**What you should do**
With the material below, print exactly the lines between the line holding "Wir bei Scania" and the line holding "in kabbelend water.", inclusive. Add nothing else.

**Input material**
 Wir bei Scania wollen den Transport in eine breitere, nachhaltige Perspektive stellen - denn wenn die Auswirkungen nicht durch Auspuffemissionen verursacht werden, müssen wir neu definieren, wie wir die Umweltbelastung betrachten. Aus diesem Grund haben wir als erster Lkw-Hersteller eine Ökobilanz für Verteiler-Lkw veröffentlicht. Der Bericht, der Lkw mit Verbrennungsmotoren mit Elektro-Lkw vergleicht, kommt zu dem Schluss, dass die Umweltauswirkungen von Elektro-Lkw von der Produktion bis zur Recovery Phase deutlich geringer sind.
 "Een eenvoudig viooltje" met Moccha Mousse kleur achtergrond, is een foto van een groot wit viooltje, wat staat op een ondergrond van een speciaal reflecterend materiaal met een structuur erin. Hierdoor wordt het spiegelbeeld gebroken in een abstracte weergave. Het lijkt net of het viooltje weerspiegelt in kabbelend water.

* * *

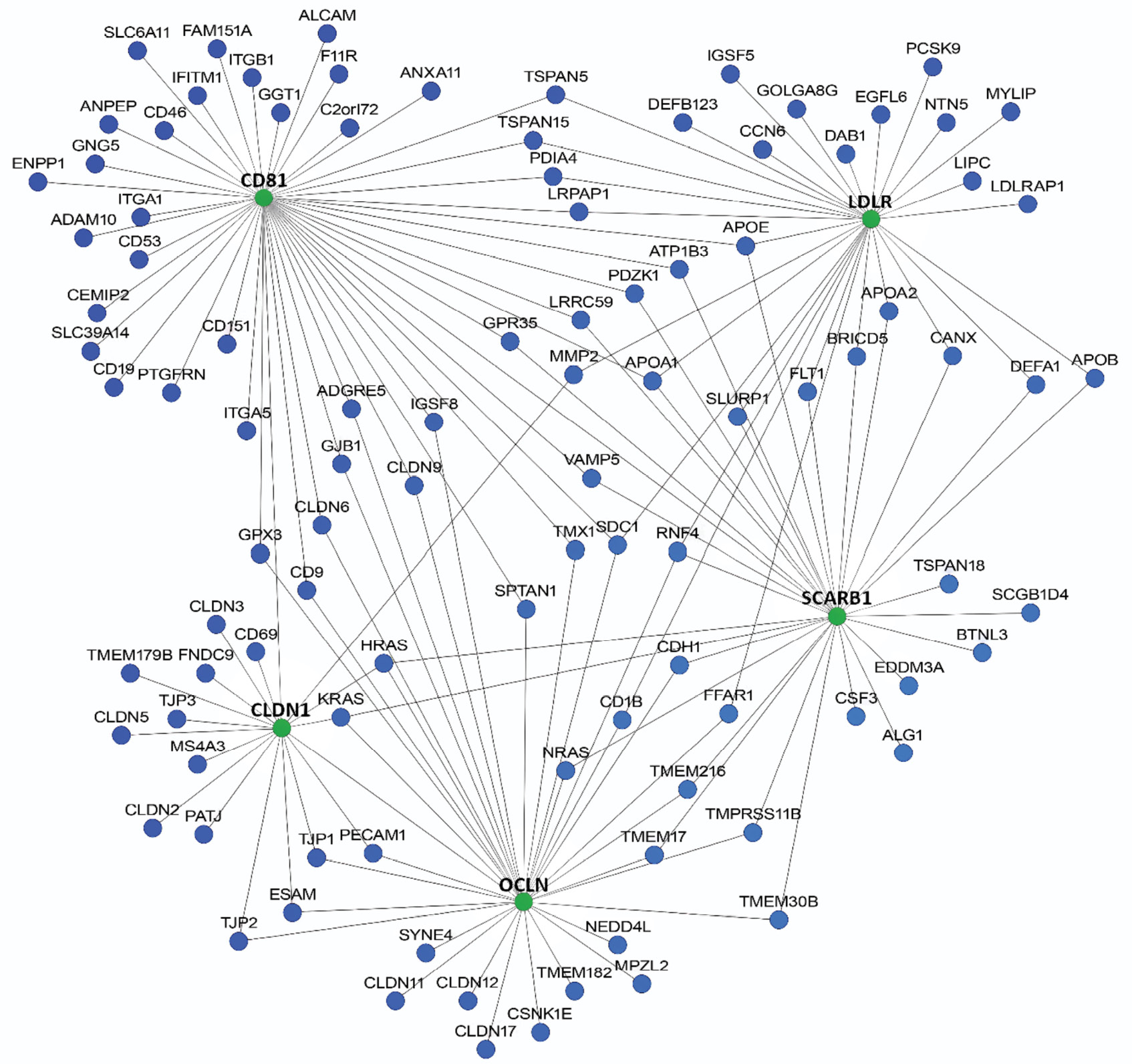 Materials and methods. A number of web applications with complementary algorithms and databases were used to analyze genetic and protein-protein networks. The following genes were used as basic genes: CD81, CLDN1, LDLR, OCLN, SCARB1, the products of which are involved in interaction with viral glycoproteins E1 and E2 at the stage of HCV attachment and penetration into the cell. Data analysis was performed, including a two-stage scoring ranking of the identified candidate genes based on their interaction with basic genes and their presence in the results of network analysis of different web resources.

...

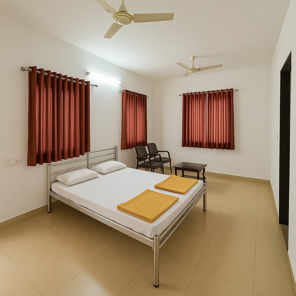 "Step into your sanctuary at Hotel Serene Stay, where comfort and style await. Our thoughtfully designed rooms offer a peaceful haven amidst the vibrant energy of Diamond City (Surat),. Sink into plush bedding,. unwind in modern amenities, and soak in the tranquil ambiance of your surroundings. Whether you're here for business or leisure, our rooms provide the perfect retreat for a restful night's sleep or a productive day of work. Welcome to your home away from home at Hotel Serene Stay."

**Answer space**
 Wir bei Scania wollen den Transport in eine breitere, nachhaltige Perspektive stellen - denn wenn die Auswirkungen nicht durch Auspuffemissionen verursacht werden, müssen wir neu definieren, wie wir die Umweltbelastung betrachten. Aus diesem Grund haben wir als erster Lkw-Hersteller eine Ökobilanz für Verteiler-Lkw veröffentlicht. Der Bericht, der Lkw mit Verbrennungsmotoren mit Elektro-Lkw vergleicht, kommt zu dem Schluss, dass die Umweltauswirkungen von Elektro-Lkw von der Produktion bis zur Recovery Phase deutlich geringer sind.
 "Een eenvoudig viooltje" met Moccha Mousse kleur achtergrond, is een foto van een groot wit viooltje, wat staat op een ondergrond van een speciaal reflecterend materiaal met een structuur erin. Hierdoor wordt het spiegelbeeld gebroken in een abstracte weergave. Het lijkt net of het viooltje weerspiegelt in kabbelend water.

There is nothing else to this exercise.